The museum's reference exhibitions have always had the collections at the center of their discourse. From 2007 to 2012, the Museum presented an exhibition entitled Retour d'Angola. It was looking back at the second Swiss scientific mission to Angola carried out between 1932 and 1933 and organized by the curator at the time, Théodore Delachaux. By studying its own history, the museum was able to pinpoint paradoxes in the practice of ethnology and museology.

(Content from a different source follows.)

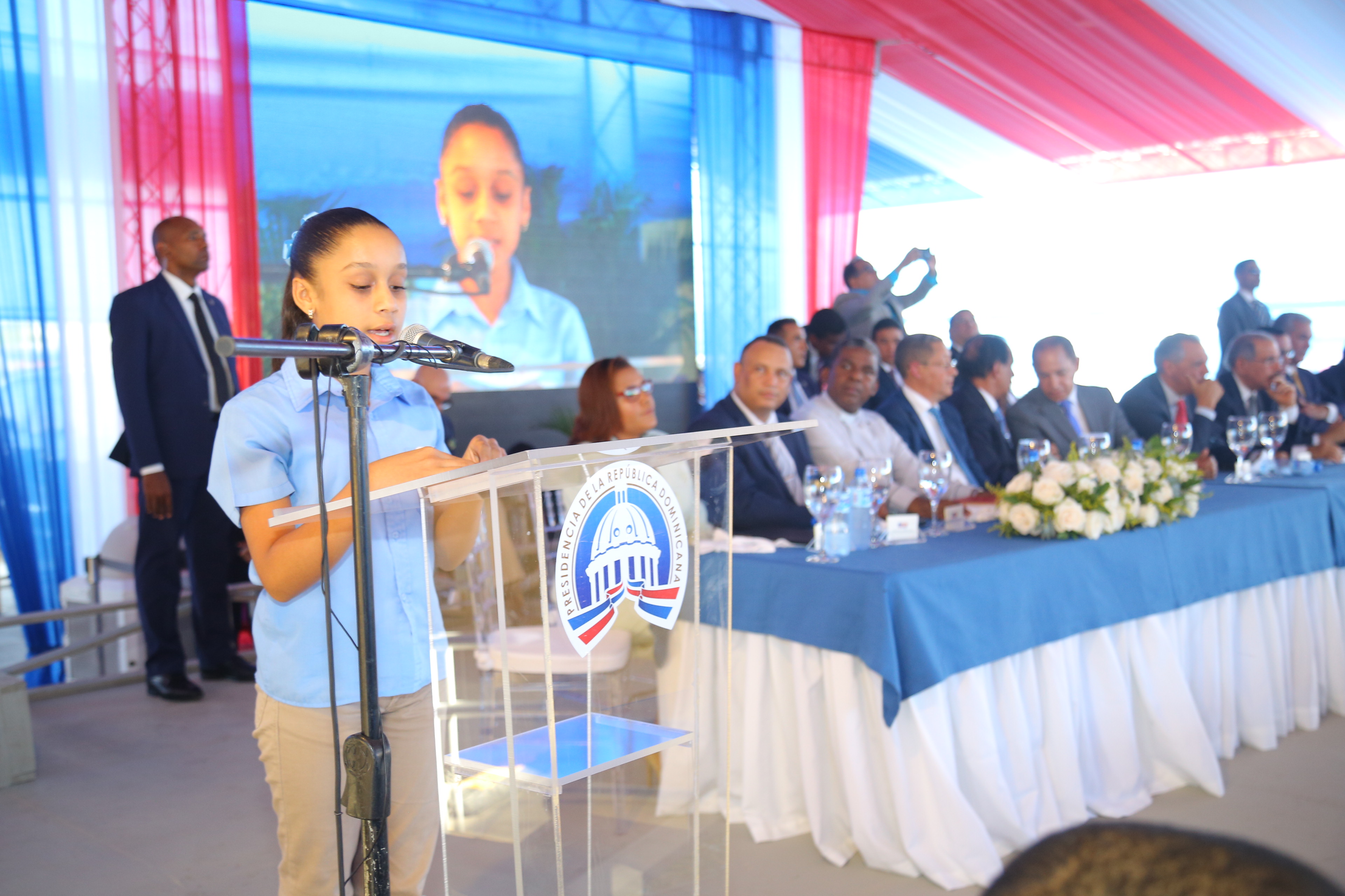 La estudiante Yorlenys Ortíz Velázquez, agradece al presidente Danilo Medina, en nombre de sus compañeros la entrega de los nuevos centros educativos.
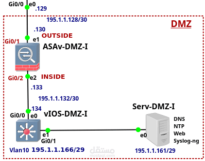 A public-facing server (Serv-DMZ-I) is located here, offering:

Following the renovation and reorganization of the villa in 2015–2017, a new reference exhibition opened on November 25, 2017, L'impermanence des choses. The exhibition looks at both the museum's collections and its history. The title references the way our view of the collections is constantly shifting. The exhibition focuses strongly on the museum's social role. The exhibition is modular, with spaces that can be renewed independently of each other.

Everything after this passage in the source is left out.